What this task involves: When you repeat the listing below, keep every word exactly and leave out each picture.
[Data section Boundary: Start]
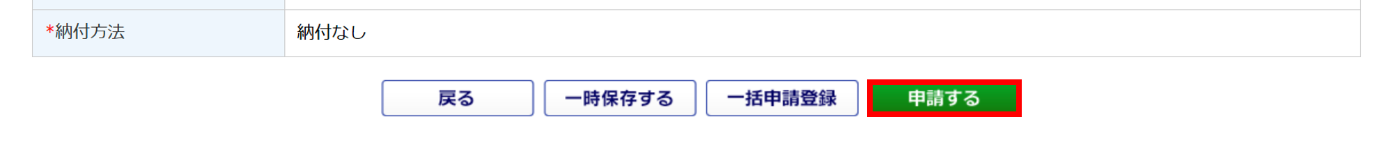 | 納付方法 | 自動的に「納付なし」と表示されます。 |
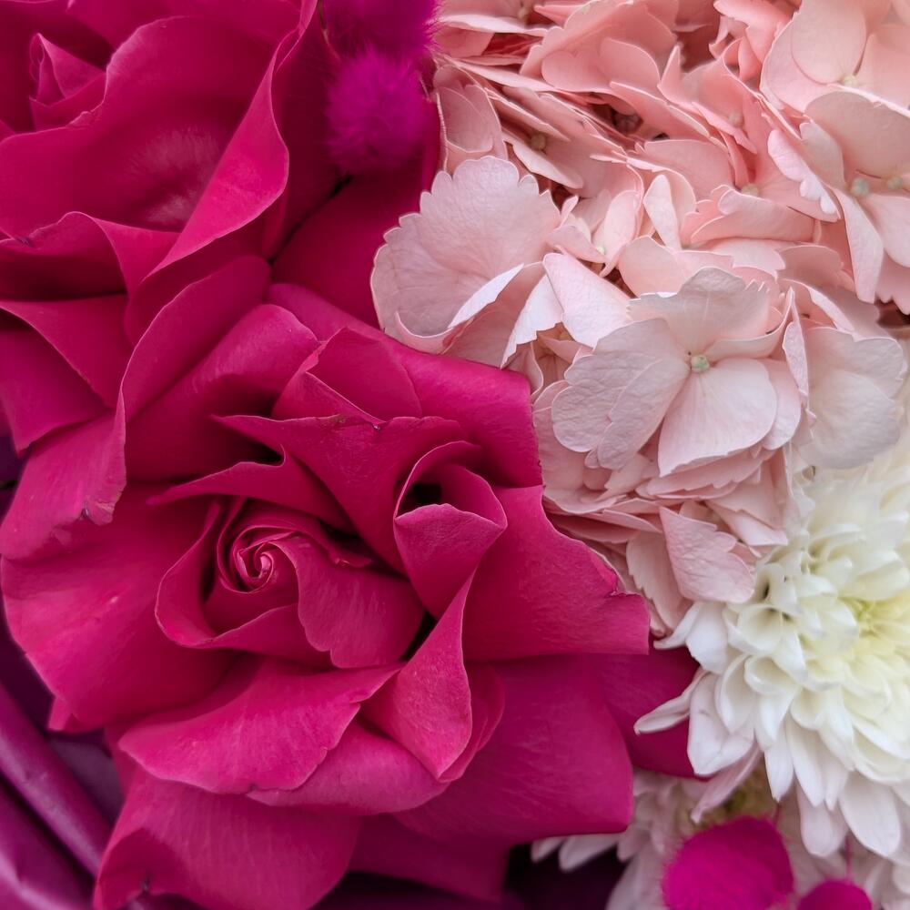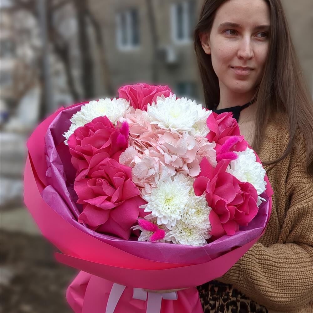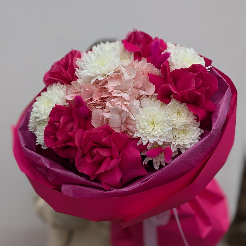 Хризантема кустовая - 4 шт. Гортензия розовая - 1 шт. Лагурус (сухоцвет) - 6 шт. розы малиновые 50 см - 5 шт.
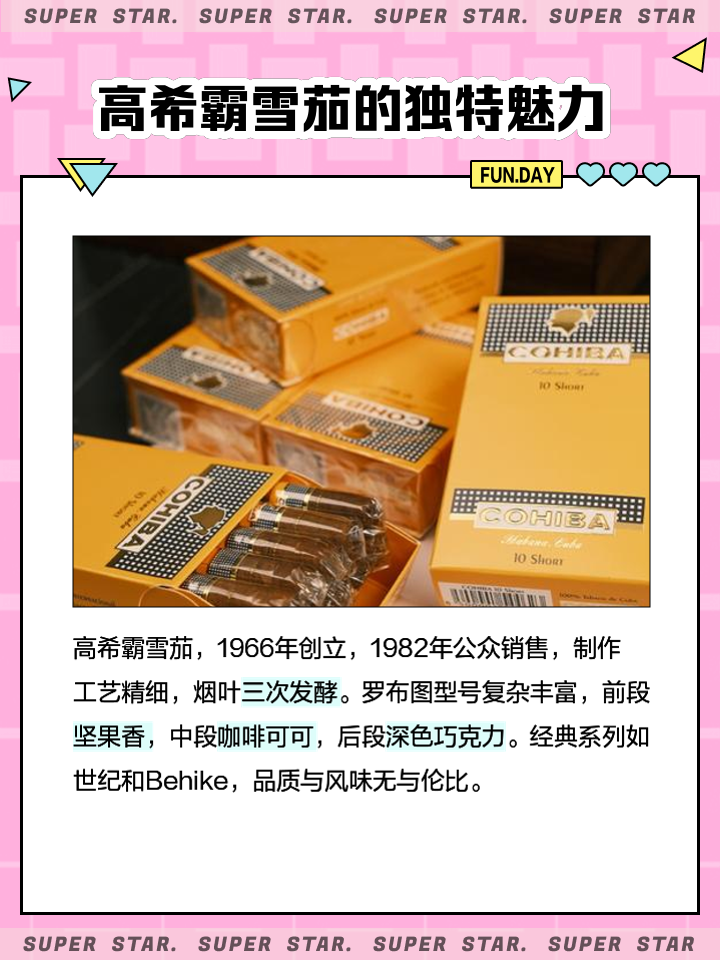 高希霸Club 10支装这款雪茄的价格相对稳定,通常为2280元一盒^3^对于追求高品质雪茄体验的消费者来说,这是一个相对合理的价格区间高希霸俱乐部小雪茄Cohiba Club Minis这款小雪茄以每盒10支的包装出售,价格为2000元一盒^4^虽然体积小巧,但口感和品质依然保持了高希霸品牌的卓越。
[Data section Boundary: End]
Answer:
 | 納付方法 | 自動的に「納付なし」と表示されます。 |
 Хризантема кустовая - 4 шт. Гортензия розовая - 1 шт. Лагурус (сухоцвет) - 6 шт. розы малиновые 50 см - 5 шт.
 高希霸Club 10支装这款雪茄的价格相对稳定,通常为2280元一盒^3^对于追求高品质雪茄体验的消费者来说,这是一个相对合理的价格区间高希霸俱乐部小雪茄Cohiba Club Minis这款小雪茄以每盒10支的包装出售,价格为2000元一盒^4^虽然体积小巧,但口感和品质依然保持了高希霸品牌的卓越。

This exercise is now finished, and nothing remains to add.